Thursday, April 1, 2010

LORD Is My Shepherd

Last night as I lay in bed trying to get to sleep, Psalm 23:1 came to my thoughts. It says, “The LORD is my shepherd, I shall not be in want.” After I read it I just continue to repeat it, then the need to read Isaiah 55 came. Then I was lead to Matthew 6: 25-34, it was during this reading I begin to think back to a 3:00 a.m. wake up call from the LORD back in July of 2009. The LORD had wake me up and lead me through Deuteronomy 28, Psalm 23, Isaiah 55, Matthew 6:25-34 and ending with Hebrews 11:1.

This was the order I read the scripture in that earlier morning back in July of 2009. But last night the LORD started with Psalm 23:1, I now understanding why, as I sit here writing this blog post, I know God started with Psalm 23:1 because I had to believe and trust in Psalm 23:1 to full grasp what He was trying to get to me in the rest of the scriptures.

See, after the LORD lead me through the scripture back in July, He said, “the doors of Heaven are open ask for what ever you want and it will be given to you.” One of the things I asked for was salvation for my family. This week I found myself before the LORD daily praying and praising Him for my family salvation. I have been feeling like something miraculous is about to occur. I can not really put in words this feeling I have had all week long. It’s like a kid on Christmas Eve, knowing that his/her parents got them just what they asked for but they have to wait to get the gifts. That excitement has been so overwhelming in me this week, knowing God is on the verge of doing some wonderful things in the life of my family. I am that kid on Christmas Eve just wanting to un-wrap the gifts but knowing I have to wait for the Father.

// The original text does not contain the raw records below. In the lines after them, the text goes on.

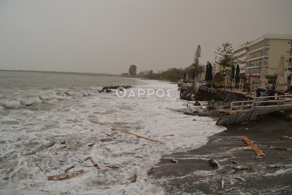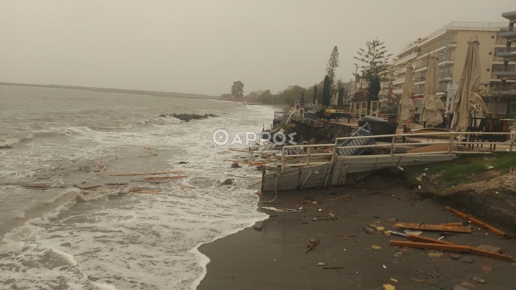 Μέχρι στιγμής δεν έχουν καταγραφεί κάποιες σοβαρές ζημιές, ενώ εξαιτίας του έντονου κυματισμού χειροτέρεψε η κατάσταση σε παραλιακό κατάστημα που έχει κλείσει και η εξέδρα του έχει καταρρεύσει.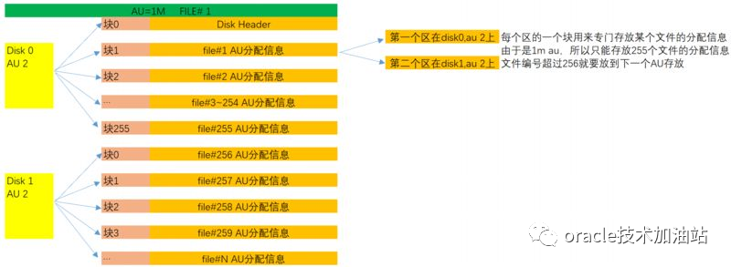 file 1起点通常位于0号磁盘的2号au,但是不一定,在19c中起点可能为au 10,最好的办法是通过文件头进行定位,然后找到他的分布情况,这是最准确的。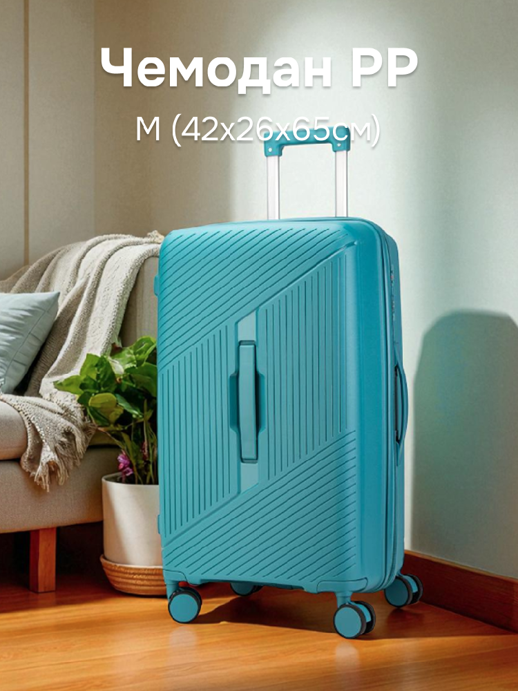 Чемодан на колесах M (42х26х65см) полосы индиго PP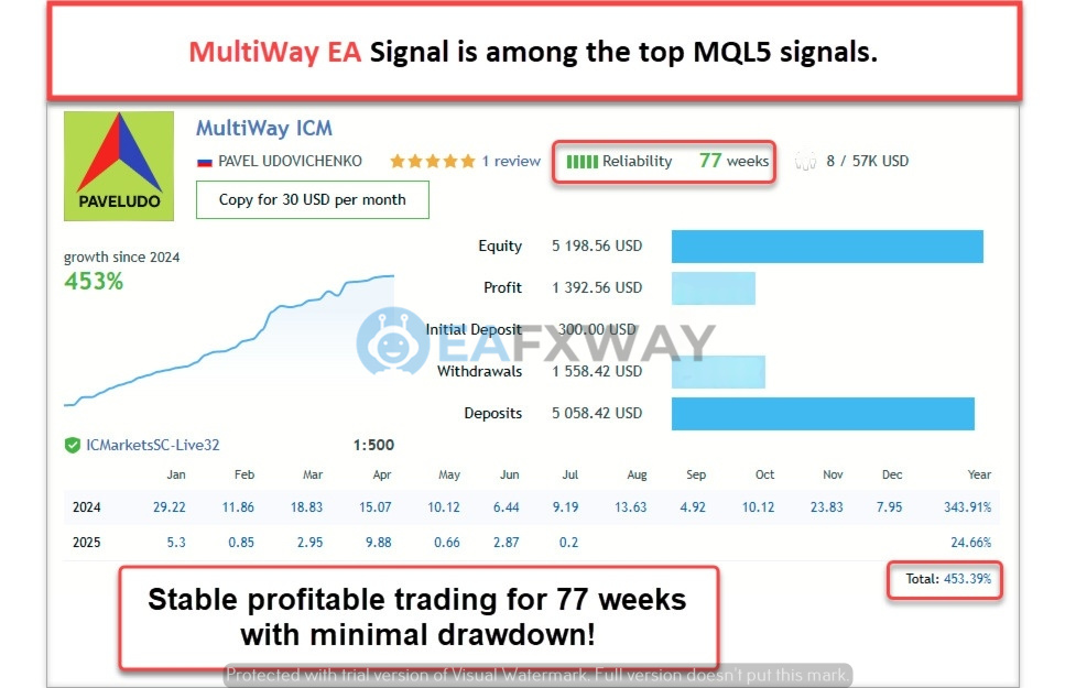 The live signal account grew 371% over 77 weeks from a $300 deposit on ICMarkets real account — that translates to roughly 5–10% per month in favorable conditions, based on the monthly breakdown showing a range from 0.66% (May 2025) to 29.22% (January 2024). Results vary significantly by market regime: months where correlated pairs trend one-way produce lower returns or drawdown; range-bound months produce the bulk of gains. At medium-risk AutoMM (1.37% of balance), backtest average annual return was approximately 109% over 8.5 years — but with equity drawdowns reaching 39.63%. Capital size, broker spread, and AutoMM setting all shift these figures. The realistic expectation: positive long-term compounding with periods of significant floating drawdown, not smooth monthly income.

I am patiently waiting, working, praying and praising God during this time for I know the storm clouds are rescinding and the peace of the LORD is coming over my family. The faith I have in God has been tested to say the least these last three years. In the last three years I have wanted to walk away, I have been depressed, I have felt like no one understand what I was going through, discouragement was at a all time high, the call the LORD has placed on my life was in doubt, and the promising God had made me were in doubt. But thanks be to an awesome God, who provides sustaining grace and He has taught me that I can have peace in the midst of my storm. He has taught me through experiences with Him, I can trust Him no matter what with everything concerning me. Cause He will never leave me nor forsake me. He will lead me through the valley of the shadow of death and no harm will come to me. For He is my Father and He is my peace!

I am at a place where I can say, “What you (enemy) meant for evil, God is working it out for my good.” During the last three years my relationship with Christ has deepened, my resolve to work the plan He has for my life has only intensified, my prayer life is better then ever, and my faith and trust in God to be my every thing is stronger than ever and growing. I know for sure He is my Healer, Deliverer, Provider, Comforter and my Peace!

I can’t help but to look back over my life, my life apart from God and my life with God. I am so thankful for all He has done. The other night I was talking to my sister and she said, “Ryane you are strong.” This has been something I heard the LORD saying over the last three years, you are stronger then what you think you are. Father, I hear you and I know it is because of Your love and sustaining grace that I am. It is that same sustaining grace I know is available to my family.
As I wait and watch the LORD fulfill His promises, I rejoice knowing He can always be trusted. Knowing that The LORD is my shepherd, I shall not be in want.